20402 routing entries (renumbering)

John Curran jcurran at nic.near.net
Sat Apr 16 01:02:36 UTC 1994

] From: Tim Streater <t.c.streater at dante.org.uk>
] Subject: Re: 20402 routing entries (renumbering)
] Date: Sat, 16 Apr 1994 01:01:38 +0000
] ...
] Now, can you imagine the conversation I might have had if still working
] there and SLAC agrees to exchange its class B (with about 1k out of 64k
] addresses assigned) for some number of class C:
] Me:     SLAC has to renumber!
] Users:  Again? OK Tim - but why? And what's in it for us?
] Me:     (explanation of routing overload deleted)
] Users:  So you are saying that of the 20k or so addresses in routers,
]         SLAC renumbering saves just one entry?
] Me:     Err, yes.
] Users:  Don't ring us, we'll ring you!
] As Marty says, there is (unfortunately) no carrot - and users resent the
] stick.
] ...

   I agree that there is no motivation for renumbering.  I also agreement
that convenient renumbering technology would be very valuable in pursuit 
of CIDR renumbering.  I don't believe that renumbering technology will be
sufficient, because (as Marty notes): there's still no carrot.

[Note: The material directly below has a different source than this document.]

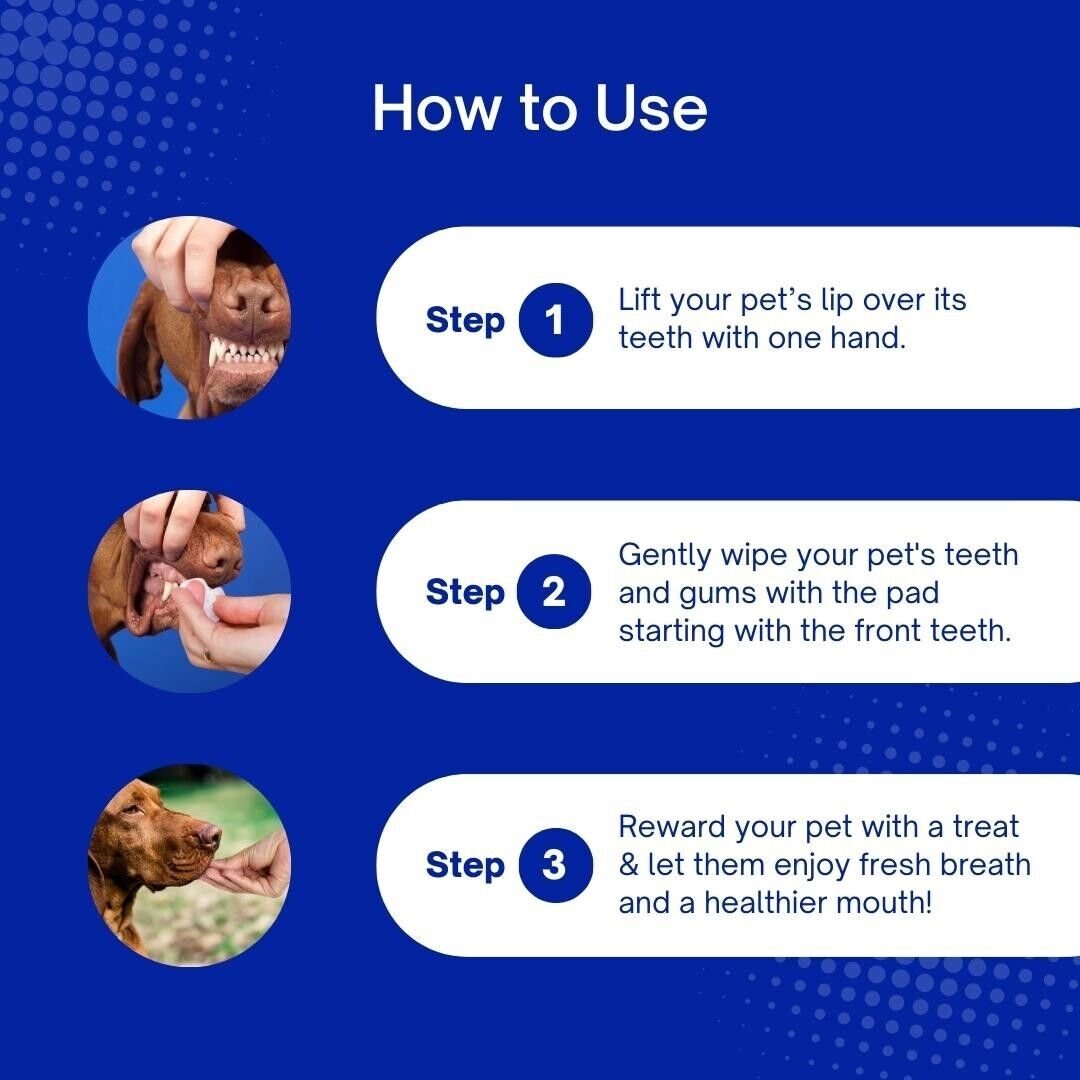 Gently wipe front to back on both sides of your pet's teeth and gums. Recommended to use twice daily or after meals.

   The fact of the matter is that there is going to be a carrot soon... 
it may not be a very big carrot, but there will be one.  At some point 
or another, the cost of route entry propagation will be identified and 
some enterprising soul will turn a "problem" into a business opportunity
by actually recovering these costs seperately.  Yes, it will be messy,
and providers will begin handling routing (not traffic) settlements, 
but if the cost component of routing gets high enough, then it's quite
likely to emerge as a separate item.

   Of course, most folks will be forgiven for entering a single route
into the Internet (and it will be absorbed in service costs as it is
today), but folks with random collections of network numbers will feel
some impact.   Will a fortune 500 company be concerned about the extra
[wild estimate] $250/month to keep their dozen distinct CIDR entries?  
Perhaps not, they may even consider it a good investment compared to 
renumbering when they change providers.  Would the local bookstore 
renumber both their hosts (when changing providers) in order to avoid 
$20/month?  Maybe.  

  Look, if the real cost of a routing entry in the global Internet is 
low, then people will pay it and not worry about CIDR.  If it turns out
that it's quite costly to enter a global route, then some people will 
invest the effort to avoid the cost.  No, it's not going to have an 
impact on most businesses, because the financials will almost work out
to paying for the routing service.  I also expect that SLAC would pay 
to have their entry maintained in the situation above.